El acuerdo negociado por Pence estaba destinado a proporcionar una pausa de cinco días para la evacuación de los combatientes kurdos de una "zona segura" que Turquía quiere controlar en la frontera con Siria.

Ankara considera que las fuerzas kurdas son "terroristas" vinculados a los rebeldes kurdos dentro de Turquía.

"Si se cumplen las promesas hasta el martes por la noche, el problema de la zona segura se resolverá", dijo Erdogan a periodistas en Estambul.

"Si falla, la operación (...) comenzará en el minuto siguiente a que hayan pasado las 120 horas" de pausa.

Un bombardeo turco mató este viernes a catorce civiles en una localidad fronteriza con Siria, según el bien informado Observatorio de los Derechos Humanos en Siria.

En el ataque también murieron ocho combatientes de las FDS.

"Tenemos esperanzas de que en las próximas horas tanto los turcos que formaron parte del acuerdo junto con nosotros como los combatientes (kurdos) tomen en serio los compromisos que hicieron", dijo a su vez secretario de Estado de Estados Unidos, Mike Pompeo.

"Vimos una muy positiva actividad hoy", agregó el jefe de la diplomacia estadounidense en declaraciones a la prensa desde Bruselas, donde participó en reuniones de la OTAN.

Según el acuerdo, las fuerzas kurdas deben retirarse de una franja fronteriza de 32 kilómetros de ancho.

El jefe del Pentágono, Mark Esper, dijo el viernes que las tropas estadounidenses continuarán su "retirada deliberada" del noreste de Siria.

"Ninguna fuerza terrestre de Estados Unidos participará en la aplicación de esta zona segura, pero nos mantendremos en comunicación tanto con Turquía como con las FDS", señaló.

Un alto funcionario del Pentágono indicó que las fuerzas estadounidenses realizarán un reconocimiento aéreo de la "zona segura que se supone que se establecerá entre los kurdos y Turquía" con el objetivo de vigilar las cárceles donde están detenidos combatientes del grupo Estado Islámico (EI).

Miles de combatientes del EI y sus familiares están recluidos en cárceles y campamentos dirigidos por kurdos en todo el norte de Siria.

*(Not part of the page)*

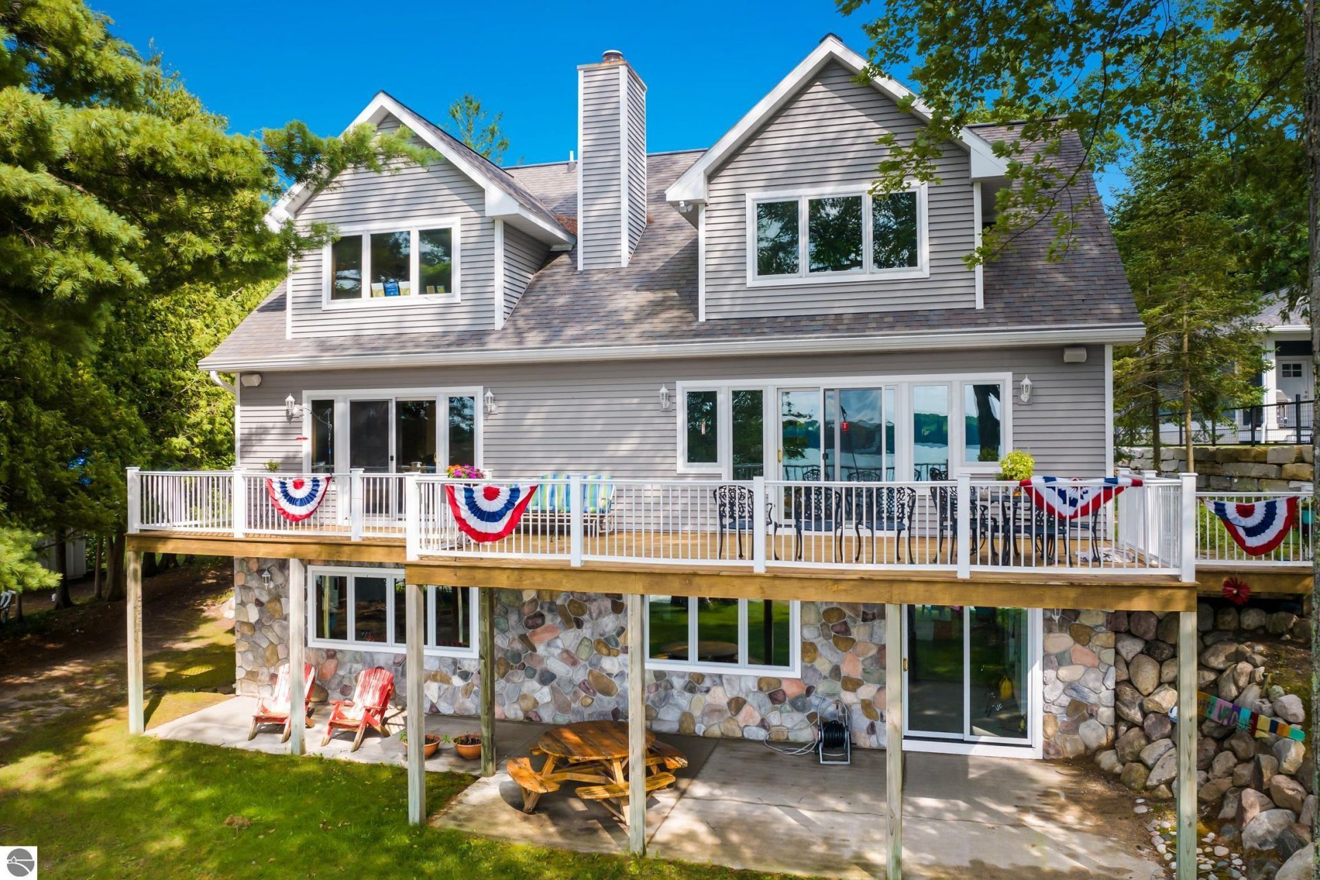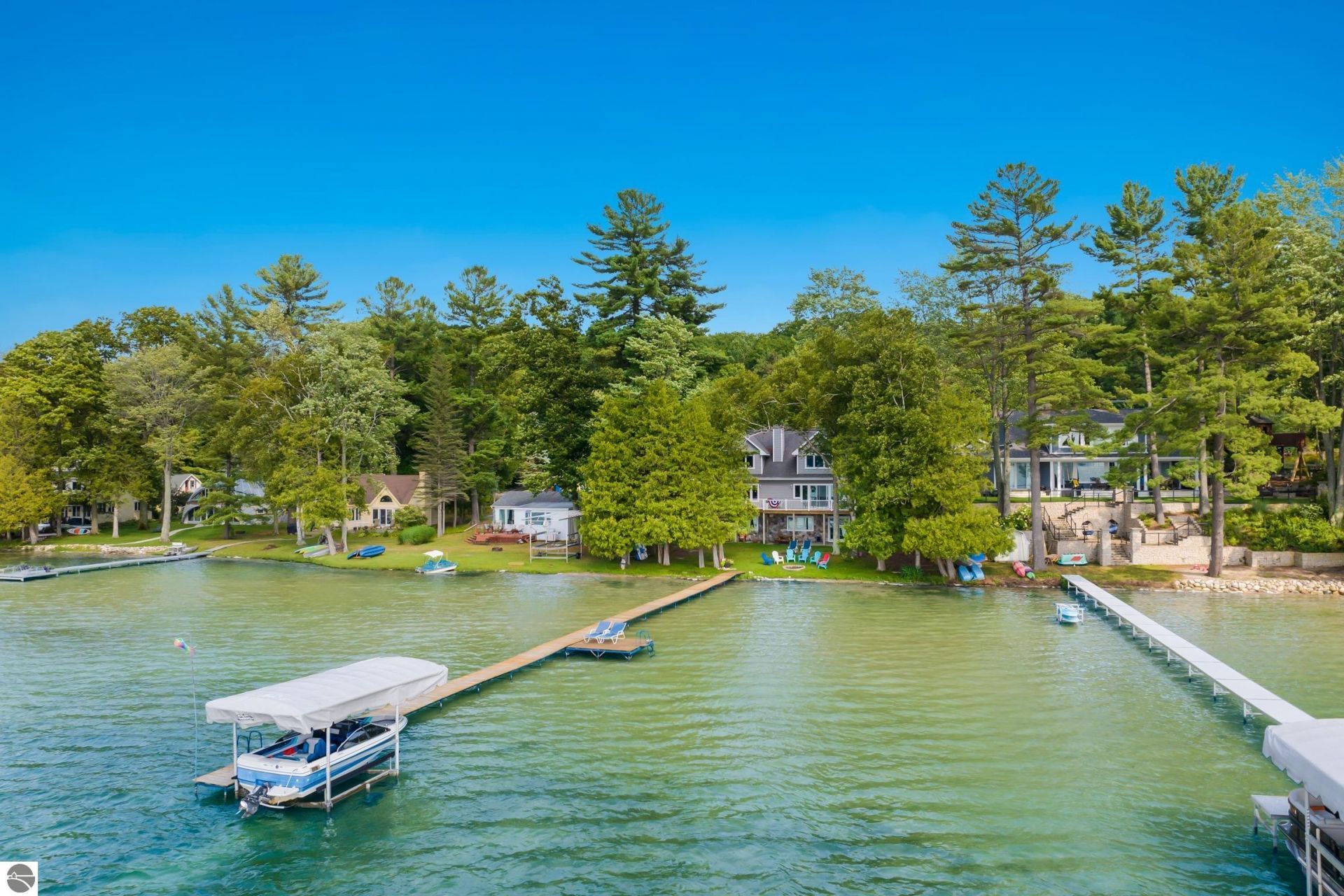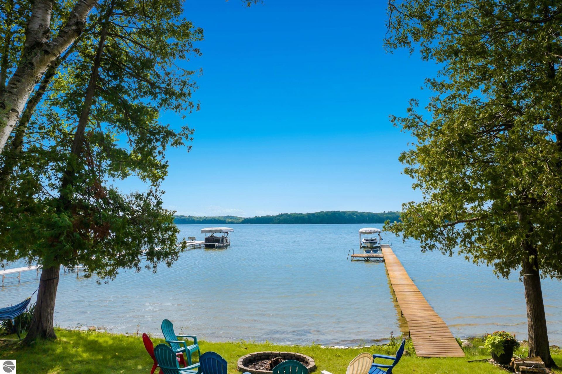 Breathtaking westerly SUNSET views & premium Lake Ann private frontage. Exceptional year around residence includes 4,173 sq ft of thoughtfully designed living space, open concept layouts on all 3 levels. 4 spacious BRS outfitted with WI closets, primary main floor master suite, 3.5 baths. Entertainer's dream kitchen invites family & guests to enjoy the huge granite island and bar - all open to dining, living, fireplace & beautiful water views. Infloor radiant heat in finished walkout lower level, includes wet bar & private office. New carpet & freshly painted in 26. Landscaped yard gently slopes to premium sandy waterfront & private dock. Finished 3 stall garage, infloor radiant heat, central vac. Easy access to TC, Leelanau CO, Interlochen Center for the Arts & National Sleeping Bear Shoreline.

Trump dijo el viernes que "algunos" países europeos, que no nombró, "ahora están dispuestos, por primera vez, a repatriar a los combatientes del EI capturados que vinieron de sus naciones".

"Esta es una buena noticia, pero debería haberse concretado después de que NOSOTROS los capturamos", señaló.

- "Una región complicada" -

Las fuerzas kurdas han ofrecido una fuerte resistencia en Ras al-Ain, gracias a una red de túneles, bermas y trincheras que les permitieron enfrentar el ataque turco durante una semana.

El viernes por la tarde, un corresponsal de la AFP en el lado turco de la frontera vio una gran columna de humo negro salir de Ras al-Ain, aunque no estaba claro qué estaba ardiendo.

El ejército turco y sus representantes sirios, en su mayoría antiguos rebeldes árabes y turcomanos utilizados como fuerza terrestre, hasta ahora se han apoderado de unos 120 kilómetros de territorio a lo largo de la frontera.

Según el Observatorio, más de 500 personas han muerto en ambos lados, incluidos casi 100 civiles, mientras que unas 300.000 han sido desplazadas.

Las FDS lucharon junto a las fuerzas estadounidenses para derrotar al Estado Islámico en Siria e Irak, pero Trump ha argumentado que ya no era el papel de Estados Unidos garantizar la calma en esta área.

"Es una región complicada", dijo Trump el viernes. "A veces tienes que pasar por un poco de dolor para obtener una buena solución".